Skip every picture, and output exactly the lines starting at the one with "zijiok在线讯 为传递上" and running through the last line of the material below.

# Source material
Content starts

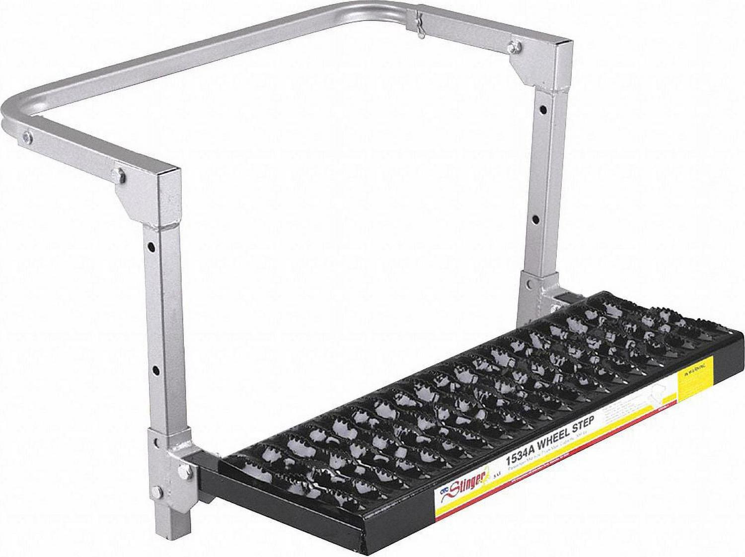 Features and Benefits: Provides quick, easy access to your vehicle’s roof for loading/unloading, Fits passenger and light trucks, Installs in seconds, Adjusts to fit 14 inch to 20 inch wheel sizes, 300 pound capacity and non-skid platform surface
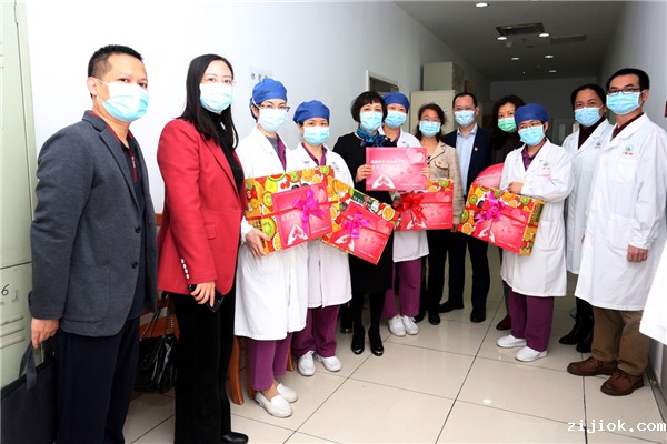 zijiok在线讯 为传递上级工会对受疫情影响地区广大职工群众的关心关爱,近日,广州市总工会副主席王玉琴、职工服务部部长列雄红、职工服务部科长罗建祥等一行专程来附属第二医院实地走访,开展送温暖慰问活动,学校工会副主席冯卫东、工会办公室主任蔡开贤等参加活动。
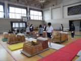 体育館では,バドミントン部が活動をしています。 ステージでは,音楽部が合奏の練習...
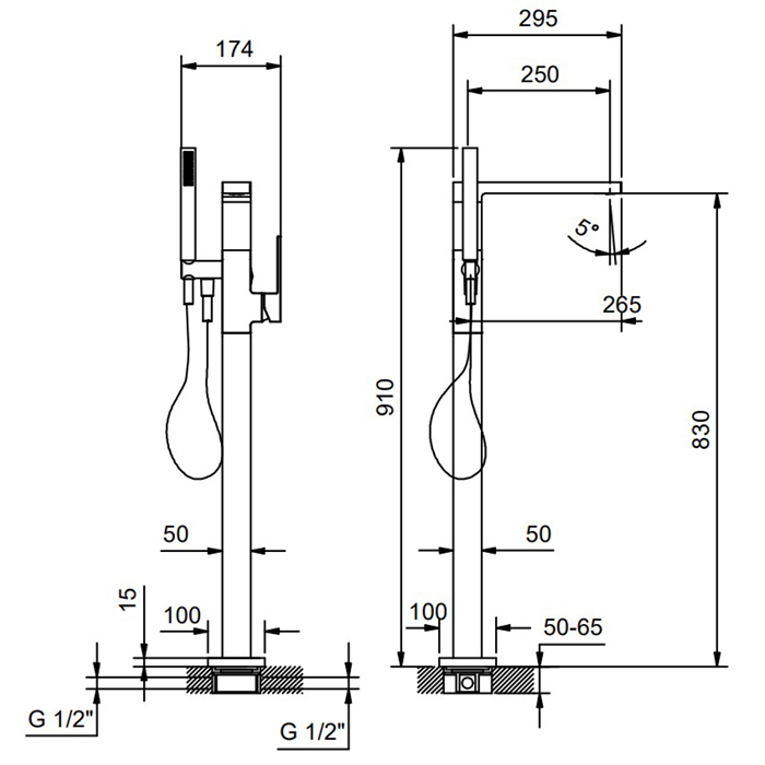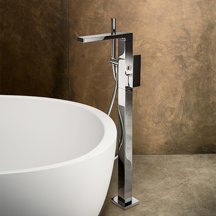 Смеситель для ванны Fantini Mint 34 02 F080B Хром Fantini Mint Смеситель для ванны, напольный, с ручн душем, излив 250мм, с ручн.душем, (наружняя часть), цвет: хром

Content ends

# Task solution
 zijiok在线讯 为传递上级工会对受疫情影响地区广大职工群众的关心关爱,近日,广州市总工会副主席王玉琴、职工服务部部长列雄红、职工服务部科长罗建祥等一行专程来附属第二医院实地走访,开展送温暖慰问活动,学校工会副主席冯卫东、工会办公室主任蔡开贤等参加活动。
 体育館では,バドミントン部が活動をしています。 ステージでは,音楽部が合奏の練習...
 Смеситель для ванны Fantini Mint 34 02 F080B Хром Fantini Mint Смеситель для ванны, напольный, с ручн душем, излив 250мм, с ручн.душем, (наружняя часть), цвет: хром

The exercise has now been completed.